The last self-imposed ‘make or break’ deadline for Greece passed a few weeks ago, and there has been little evidence that progress has been made since that transition back into the game of financial roulette. Allianz Chief Economic Advisor Mohamed El-Erian put the risk in perspective when he assessed that risk of a financial ‘accident’ in Greece (running out of cash) was growing. CDS and bond yields support this fear.

Japanese Yen Pairs Conviction Uneven but USD/JPY Propelled to 7-Year High

The yen crosses rose across the board this past session, but the stand out was clearly the stand out. Backed by a general bid for the dollar, this pair cleared seven months of resistance – the top placed after the QQE upgrade in October – and charged to a fresh 7 year high above 122. Yet, not all pairs were showing this motivation. What’s more, the risk backdrop opposed this carry appetite. USD/JPY won’t be able to go it alone.

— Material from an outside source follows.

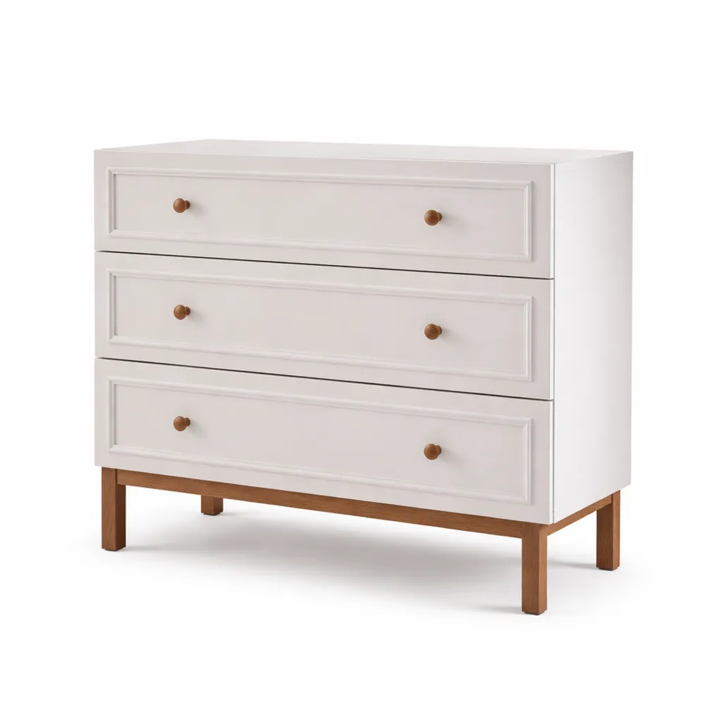 Drei Schubladen bieten funktionalen Stauraum. Geeignet für verschiedene Räume wie Wohnzimmer, Schlafzimmer oder Büro. Das Design kombiniert Secret Grey mit Schlammeiche Dekor für eine vielseitige Nutzung. Die Möbel haben moderne, geradlinige Beine mit Schlammeiche-Dekor und dezente Rahmenornamente an den Fronten.

Australian Dollar Suffers Weak Chinese Data, Tempered Commodity Prices, Weak Housing

One of the worst performing major currencies this past session, the Aussie dollar was plagued by a number of issues. A drop in key commodity prices for which the country is a notable exporter of would saddle the bulls. In addition to the general risk aversion, the data would also find this morning a drop in 1Q Aussie construction and persistent slump in Chinese consumer sentiment. Not much is going the Aussie’s way.

Canadian Dollar Likely Faces No BoC Changes…But Vigilance Worthwhile

As a base case scenario, the Bank of Canada is unlikely to change its bearings on policy today – either officially or through rhetoric in its statement. However, the market has proven exceptionally sensitive to perceived shifts in the ‘comm bloc’ policy groups. At its last meeting the BoC turned dead neutral on its view for policy moving forward. That sets a very fine line to walk and a ripe situation for speculators to respond.

Emerging Markets on Verge of Bigger Retreat, Ruble and Real Selling Gaining Purchase

Emerging Markets have proven one of the more willing asset classes to take a tumble on waning speculative appetite this week. The iShares MSCI Emerging Markets (ARCA:EEM) ETF dropped back to its lowest level in nearly two months this past session on rising volume. Key currencies have also given back ground versus the USD (RUB, BRL, INR). It doesn’t help that the Fed’s Fischer suggested EM is sensitive to FOMC moves but prepared.

Gold Suffers Sharp Drop, Another One-Off?

Like other metals and general commodities priced in Dollars, gold suffered a sharp decline this past session. We have seen abrupt tumbles like these multiple times over the past few months, but they have consistently turned out to be one-offs that would ultimately hold to congestion (rather than revive bullish interests). Whether the precious metal is ready to commit to a serious tumble likely has much to do with the USD.